Les solutions innovantes et les investissements sont essentiels à la réalisation de la santé publique en Afrique - Dr Choonara

Interview - Opinion - 07 septembre 2023

Shakira Choonara, praticienne et militante de la santé publique basée en Afrique du Sud, a appelé les gouvernements africains à investir en priorité davantage de ressources dans le secteur de la santé afin de permettre au continent de parvenir à une couverture sanitaire universelle (CSU).

Elle est d'avis que la réalisation de la santé universelle n'est pas hors de portée des gouvernements africains et que, si les investissements et les priorités adéquats sont mis en œuvre, la région sera en mesure de progresser dans ce domaine. Elle a notamment exhorté les gouvernements africains à se concentrer davantage sur la prévention des maladies et la promotion de la santé, qui font partie des mesures nécessaires pour atteindre la santé universelle et l'objectif de développement durable n° 3, qui porte sur la prévention des maladies et la promotion de la santé. Dans une interview accordée au Graphic Online, le Dr Choonara a déclaré que les nations africaines pouvaient réglementer correctement certains des facteurs à l'origine des maladies dans la région, notamment le tabac, l'alcool et les boissons sucrées, ainsi que l'ensemble de l'industrie du sucre. Elle a ajouté qu'il était devenu nécessaire d'améliorer la qualité des soins dans la région africaine.

" Lorsque la qualité des soins est faible, cela signifie que nous ne progressons pas. "

Elle a ajouté qu'il était nécessaire de réduire les dépenses personnelles dans le secteur des soins de santé, notant qu'en raison de l'incapacité des gouvernements de la région à fournir les services nécessaires dans le secteur public, de nombreuses personnes s'endettent en essayant de faire face au coût des soins de santé dans les établissements privés. Le Dr Choonara a souligné que la disponibilité et l'accessibilité de soins de santé de qualité étaient des conditions préalables au développement durable dans toute société développée et que l'Afrique ne pouvait pas se développer sans ces soins de santé primaires.

Qu'est-ce que la CMU ? 

La CMU signifie que chacun a accès aux services de santé dont il a besoin sans risquer d'être confronté à des difficultés financières pour les payer.
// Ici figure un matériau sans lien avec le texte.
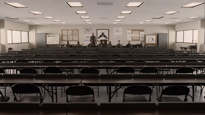 Бойцы должны не задумываясь лишать жизни любого, кто попадает в прицел их снайперских винтовок, это должно стать их навыком, доведенным до автоматизма действием. Подобная этой жажда убийства взращивалась в морских пехотинцах из фильма "Цельнометаллическая оболочка" (1987), как будет видно дальше, "Морпехи" делают множественные отсылки к кубриковской классике.

Plus important encore, la CSU vise à fournir des soins de santé et une protection financière à tous les habitants d'un pays donné, avec trois objectifs connexes : l'équité dans l'accès, la qualité des services de santé et la protection contre les risques financiers. En 2015, les États membres des Nations unies ont adopté l'Agenda 2030 pour le développement durable et les Objectifs de développement durable (ODD) qui l'accompagnent, le troisième objectif de l'agenda étant axé sur la santé - la bonne santé et le bien-être. Celui-ci a pour objectif général la réalisation de l'UHC. 

Budget de la santé 

Le Dr Choonara est convaincue que la santé universelle est réalisable si les choses sont faites correctement, soulignant que la distribution du budget de la santé devrait être correctement effectuée afin que les établissements de santé publique reçoivent les ressources nécessaires pour pouvoir fonctionner à des niveaux optimaux. Elle s'est inquiétée du fait que, même si de nombreux gouvernements africains investissent dans leur secteur de la santé, une grande partie de ces investissements va au secteur privé, dont les services sont inaccessibles à de nombreuses personnes en raison de leur coût élevé. Citant l'exemple de l'Afrique du Sud, le Dr Choonara, qui est également spécialiste technique au siège de l'Organisation mondiale de la santé, où elle soutient le département du personnel de santé et de la santé sexuelle et génésique, a indiqué que l'Afrique du Sud "consacre 80 % de son budget de santé au secteur privé, ce qui ne laisse que 20 % au secteur public".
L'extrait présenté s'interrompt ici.